Manolo, a 13-year-old teenager, travels with his father to the resort town of Paracas, where his father is scheduled to attend a business meeting at a prestigious hotel in the city, organized by the agricultural machinery company for which he works. Manolo closely observes his father's behavior in the hotel restaurant as they both attempt to navigate an environment that is unfamiliar to them.

During lunch, they encounter Jimmy, one of Manolo's schoolmates and the son of one of his father's bosses. Jimmy embodies the world of wealth and privilege associated with the Peruvian bourgeoisie. His presence introduces a new tension which makes both Manolo and his father feel strange and out of place. Jimmy invites Manolo to walk around the place and takes him through different scenarios that reveal his social status, power, and arrogance.
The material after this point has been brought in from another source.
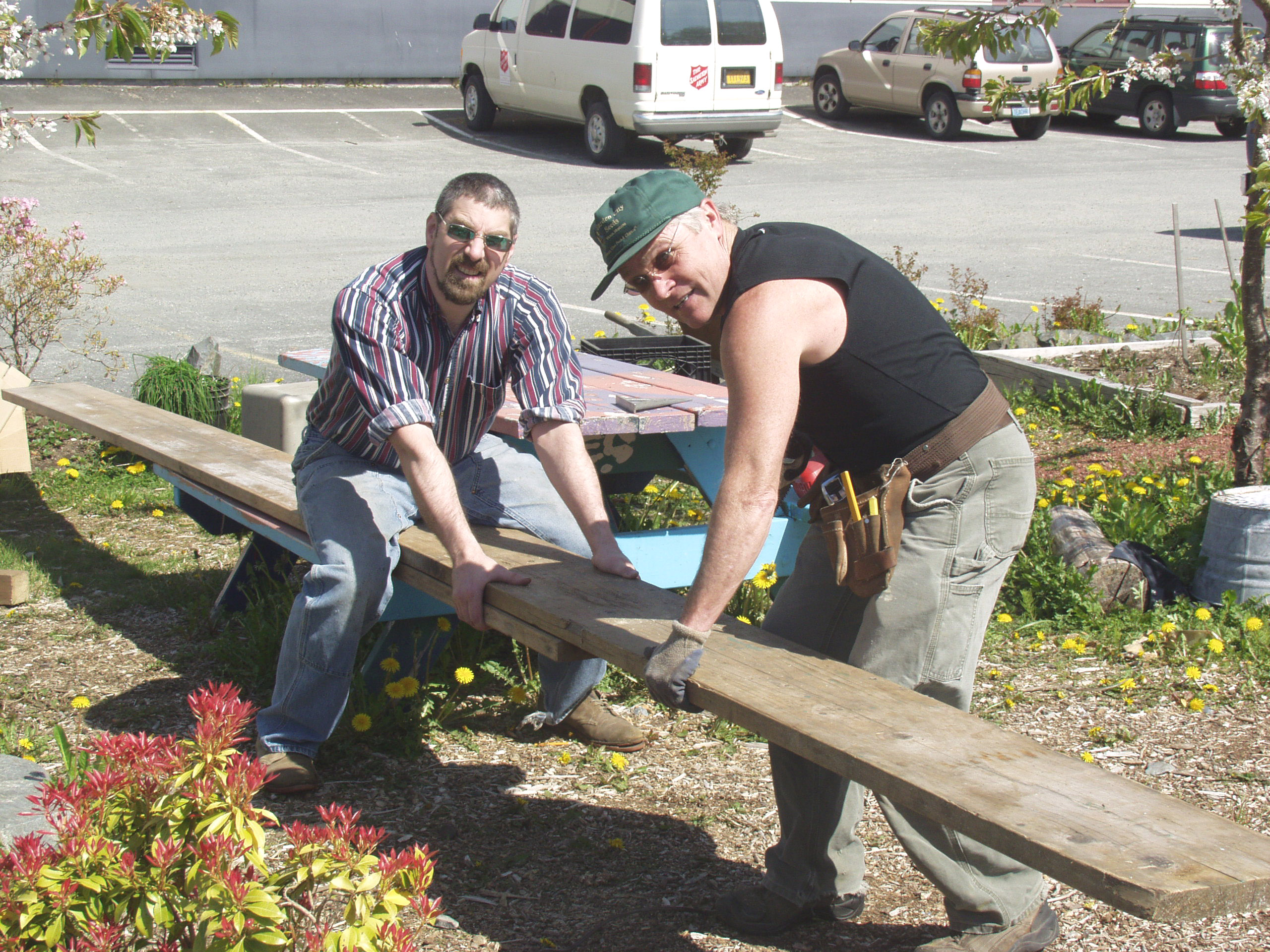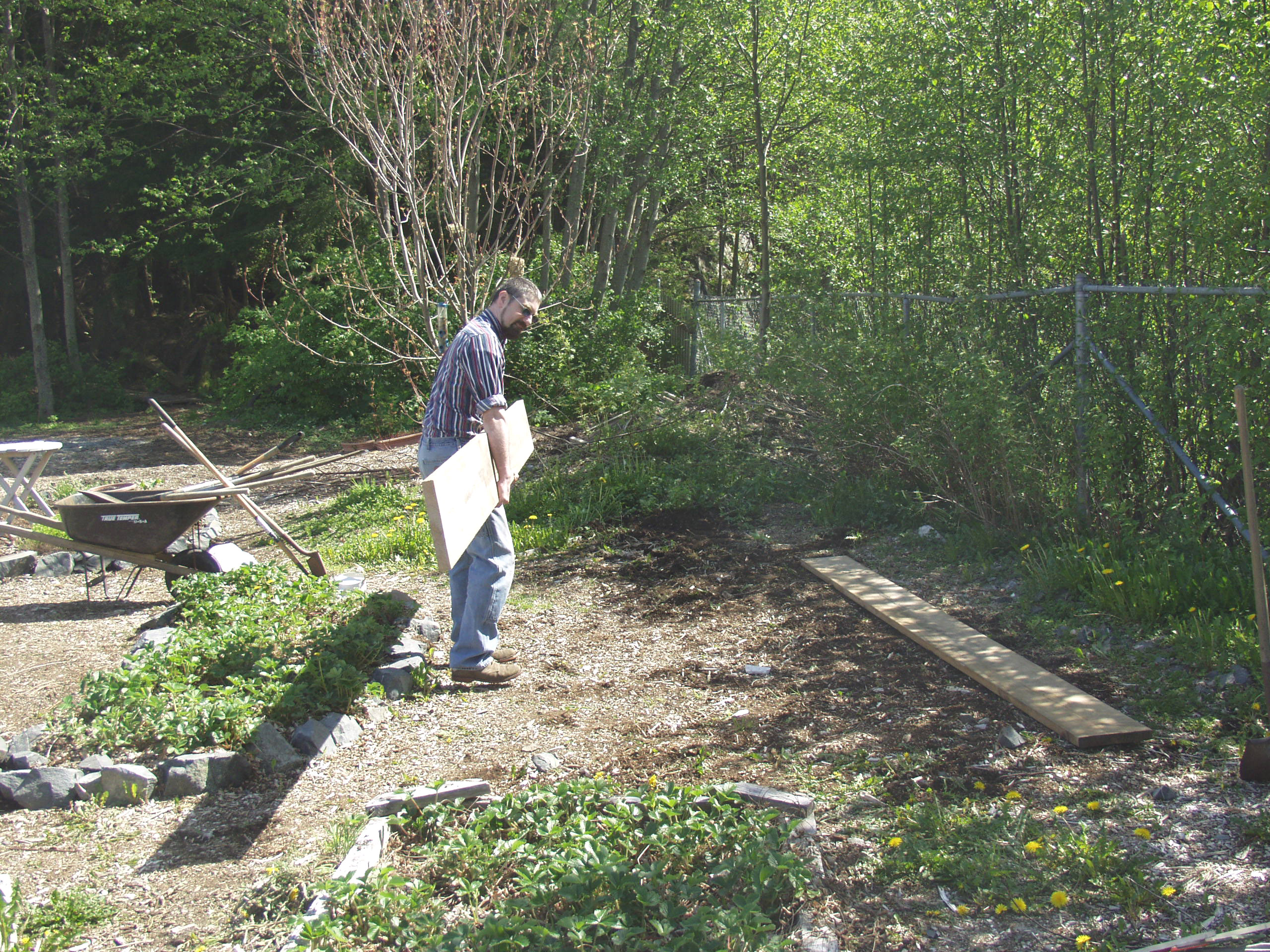 While we’re waiting for spring to finally show up in Sitka, one thing gardeners can do to prepare for planting is build a simple raised garden bed. The pictures with this post feature members of the WISEGUYS men’s health group (Rick DeGroot, Kerry MacLane, Doug Osborne and his daughter, Darby, then 4) building a garden bed in May 2008 at Blatchley Community Garden in Sitka.

Although he is of the same age as Manolo, Jimmy already drinks, smokes, and drives a car. The tension between the two boys reaches its climax when they discuss sex while standing by the sea.

==Characters==
The story centers on the protagonist, Manolo, a shy 13-year-old boy, who narrates the story in first-person. His father, John, is a hardworking middle class man employed as a salesman for a company that sells agricultural equipment.

Jimmy is Manolo's schoolmate. He is described as a handsome, blonde, blue-eyed teenager. Both the boys attended an exclusive school that catered to Lima's upper class. Jimmy's father, Don Jaime, is a businessman who runs several commercial ventures.

==Publication==
The story was first published in 1967 in the fourth issue of the magazine Amaru. The following year, it was included in the short-story collection Huerto cerrado, which received an honourable mention in the Casa de las Américas literary prize in Cuba.